During the inquiry the point was highlighted about the states’ attitudes towards debt and the impact of their credit rating on their borrowing capacity. The states are looking to increase their massive amount of borrowings and, when added to the current government mountain of debt, which will peak at about $315 billion in 2013-14, it must give us all pause for thought as to the appropriateness of this guarantee. But, having said that, I do reiterate that the coalition will not be opposing this bill. We will, however, be moving an amendment at the committee stage. The amendment will allow for the establishment of a register of government borrowings. There are a number of reasons for this, and they were outlined by the shadow treasurer, Joe Hockey, in the House. He referred to the fact that it may not have been necessary to have a register of government borrowings when $55 billion—which is about the average from the Australian government over the last 10 years—was at issue. But as we are now going down the path of some $315 billion on issue, obviously different considerations apply. It is clear that with semi-government debt involved—that is, the state governments’ issuance—it could, as I said, be looking at least at another extra $160 billion. In our view Australia should follow the lead of other countries, particularly the United States, and have a full disclosure of who the major lenders to the Australian people are.

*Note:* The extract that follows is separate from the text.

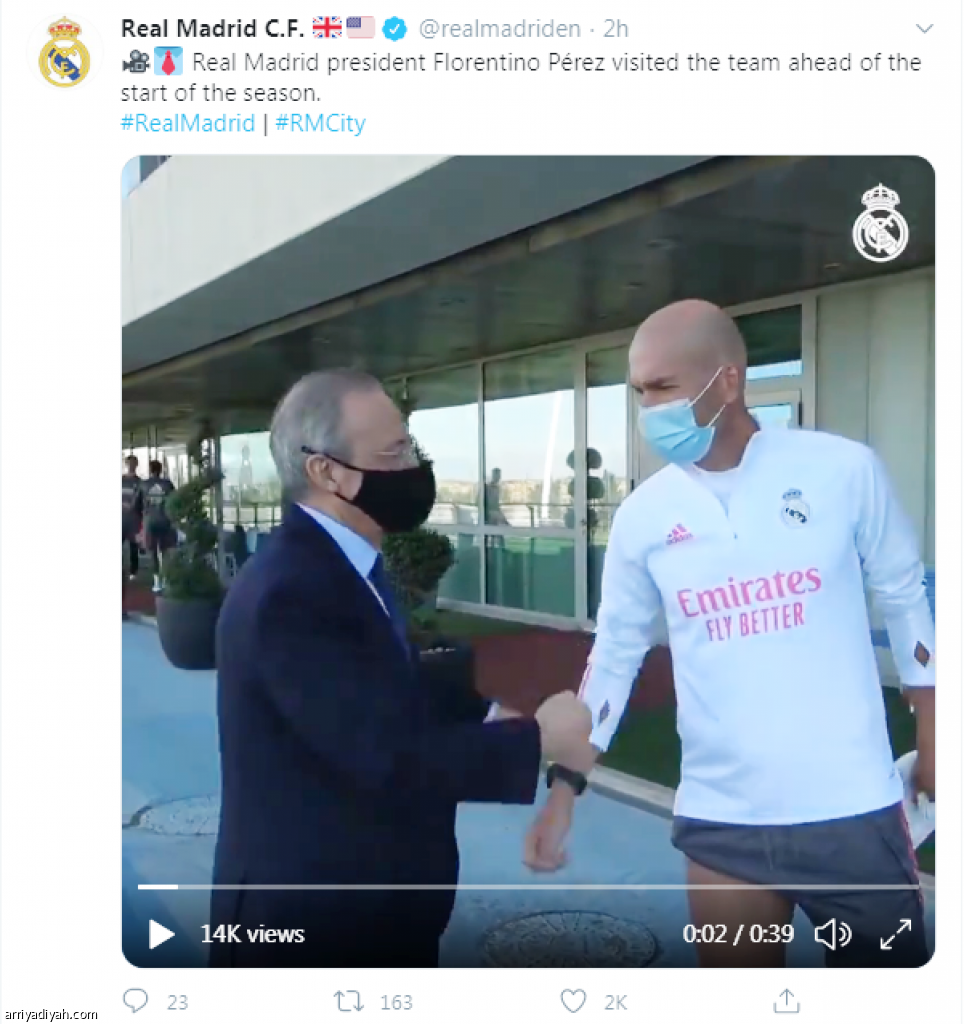 زار فلورنتينو بيريز، رئيس نادي ريال مدريد الإسباني، أمس، مقر تدريبات الفريق الأول لكرة القدم للاطمئنان على سير الاستعدادات للموسم الجديد. ونشر حساب النادي في تويتر مقطع فيديو للزيارة، ولقاء بيريز المدرب واللاعبين.

We realise that this can be a very complex issue. It might sound pretty complicated because these bonds are traded all the time. But, indeed, so are shares. As Mr Hockey also mentioned in the House, even in parliament we are expected to have full disclosure and we agree with that. There are registers of their shareholders that are run by companies, and the general public can go and check who the shareholders are. There is full disclosure in relation to millions of shareholders who own shares in Australia. On the other hand there are hundreds, and perhaps even thousands, of major entities that own Australian government bonds and who are not currently required to have their details disclosed. Questions were put in the recent estimates to the Australian Office of Financial Management about that and about how feasible it would be to have greater disclosure or to maintain a register. It is a fair summary, I think, to say that they said they obviously did not know who the ultimate owners of the bonds were but they did have a suspicion about who owned Australian government bonds. They referred those of us sitting on the Senate Economics Legislation Committee to the Australian Bureau of Statistics, saying that it does, in fact, collect data about share ownership. It goes to the custodians, of which there appear to be just six, and it conducts a survey.

Inquiries have been made of the deputy chief statistician as to why the Australian Bureau of Statistics could not disclose the domicile of the ultimate holders. My understanding is that the statistician was to get back to my colleague Mr Hockey but that the matter as to why it might be difficult to collect the data to at least reveal the domicile of the ultimate holders has not yet been resolved. It was put to the chief statistician that certainly there could be disclosure by regions but, as I said, that matter has not yet been resolved. The Australian Bureau of Statistics is obviously an independent entity and we in the coalition certainly hold them in high regard. We do think that it is not beyond their wit and will, if required to do so, to be prepared to work out ways that would allow much more information relating to the ultimate buyers of bonds and perhaps the regions from which they come to be put on a public register. So that is really the thrust of the amendment. There will no doubt be an opportunity to address it when I move it. As to the substance of the bill that we are addressing here, we indicate our support for the legislation.